Fig 6. Silencer or enhancer activity of PAX3/7-bound CRMs nearby DV patterning genes.

(A) Table indicating the presence of PAX3/7-bound CRMs (black) near DV patterning TFs driving dI1–dI3, dI4–dI6, and V0/V1 INs differentiation, along with their chromatin state: opened by PAX (Open, blue), PAX-mediated H3K4me2 deposition (Activ. green), or PAX -mediated H3K27me3 deposition (Rep. dark red). (B) Fluorescence of mCherry (red) and Turquoise (white) on transverse sections of the chick neural tube, 24 h post-electroporation with the reporter plasmids from EF1α (i) or MLP (ii) promoters’ activity. (C, D) Panel i: UCSC Genome Browser screenshots showing normalised FLAG (black tracks) CUT&Tag read distributions in control (CTRL), FLAG-PAX3 (PAX3), FLAG-PAX7 (PAX7) at day 5 of differentiation and normalized H3K27me3 (dark red tracks) or H3K4me2 (green tracks) CUT&Tag read distributions in wild type (WT) and Pax3; Pax7 double-knockout (DKO) organoids at day 6 of differentiation, either treated or not BMP4. Read scales are shown in CPM. Grey bands highlight the position of Dbx1CRM4 chr7:49697106-49701929 (C) and Olig3CRM1 CRMs (chr10:19412350-19416446 (D).
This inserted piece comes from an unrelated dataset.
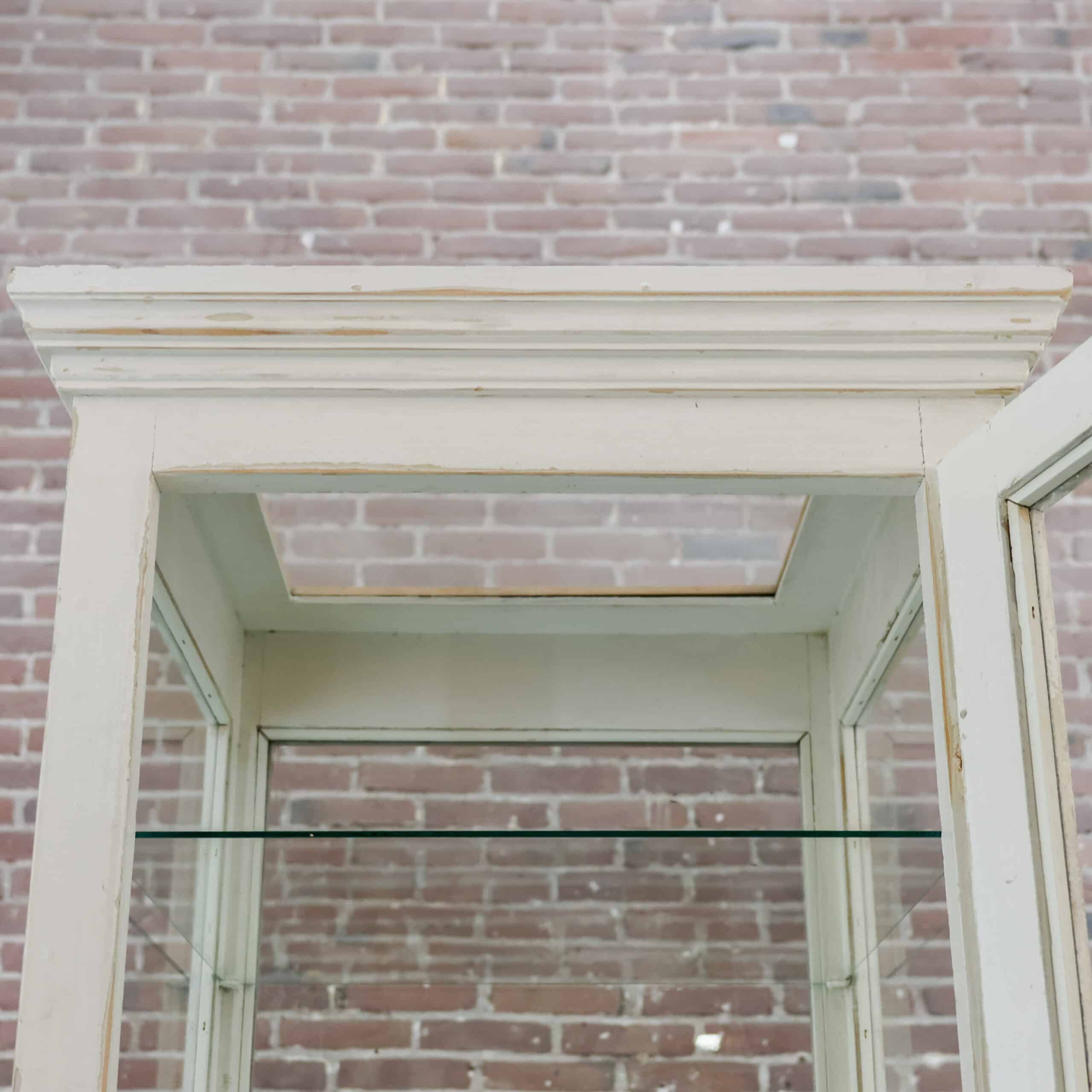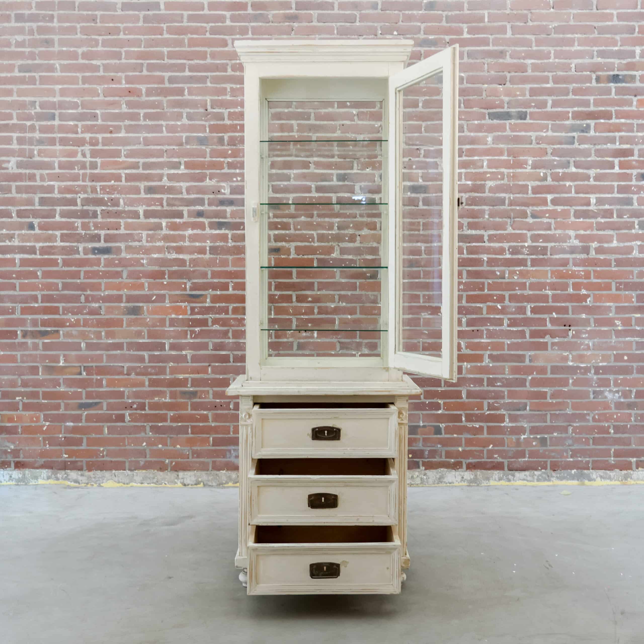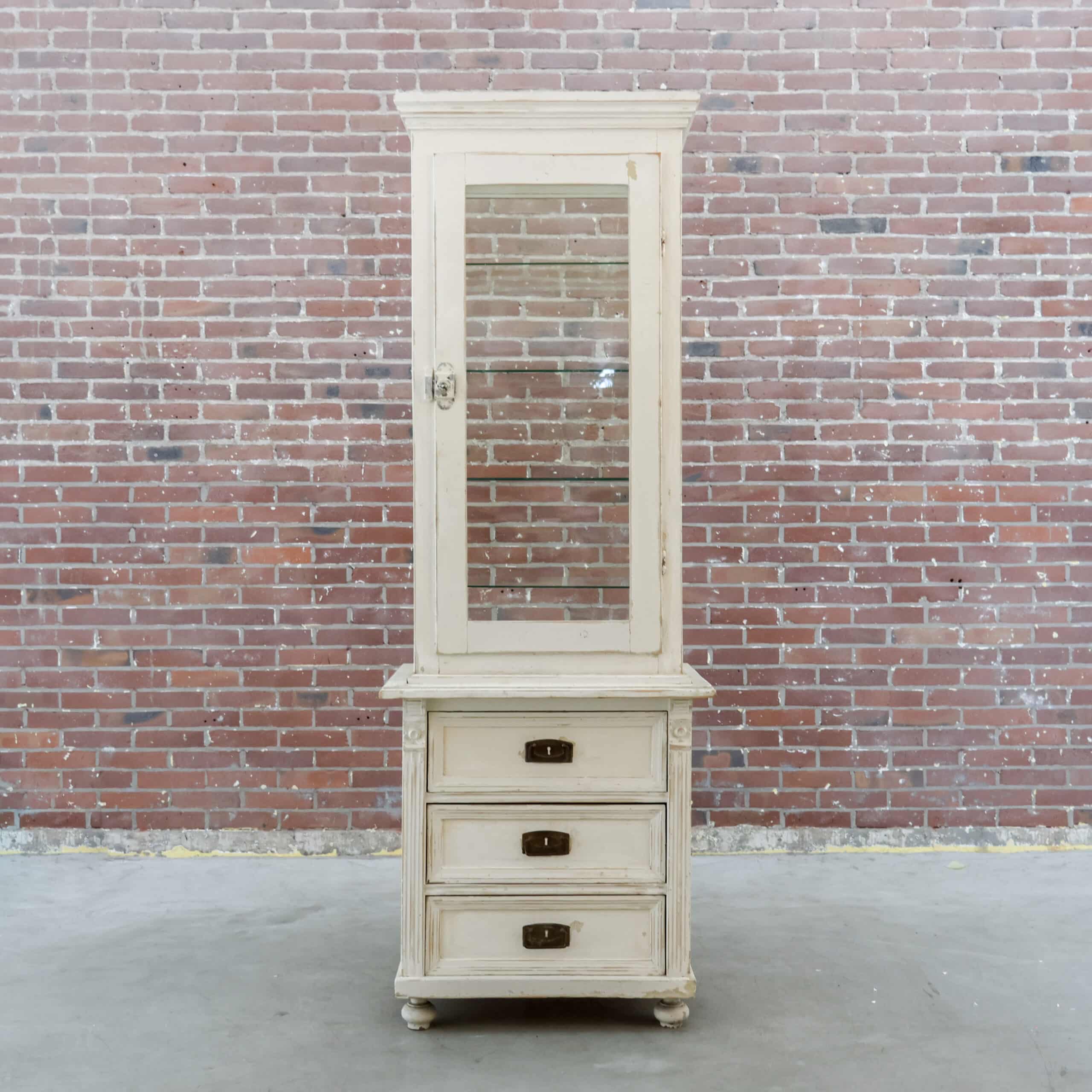 Charmante vintage dokterskast/ vitrinekast in een zacht verweerde witte tint met prachtige doorleefde details. De glazen bovenkast met legplanken is perfect om servies, glaswerk of verzamelingen te tonen, terwijl de drie lades onderin zorgen voor praktische opbergruimte. De verf vertoont hier en daar slijtage, wat bijdraagt aan de authentieke, warme uitstraling van dit unieke stuk met een knipoog naar oude dokters- en apothekersinterieurs.

Panel ii Position of the shortened (s), or shortened and mutated (sm) version of either Dbx1CRM4 and Olig3CRM1, with the following color scheme: black for PrD, light blue for PrD-HD. Panels iii–v: Images: Fluorescence of mCherry (red) and Turquoise (white) on transverse sections of the chick neural tube, 24 h post-electroporation with pCAG-mCherry and the indicated constructs. Graphs: Quantification of the ratio between Turquoise and mCherry signal intensities along the dorsoventral (DV) axis of the neural tube (NT) expressed as a percentage of NT length (bar plots represent mean ± s.e.m.; n ≥ 4 embryos). Salmon-colored rectangles indicate the positions of PAX3/7-expressing progenitors. In all images, white dotted lines outline neural tubes. Scale bars: 50 µm. The data underlying this figure can be found in S2 and S7 Tables.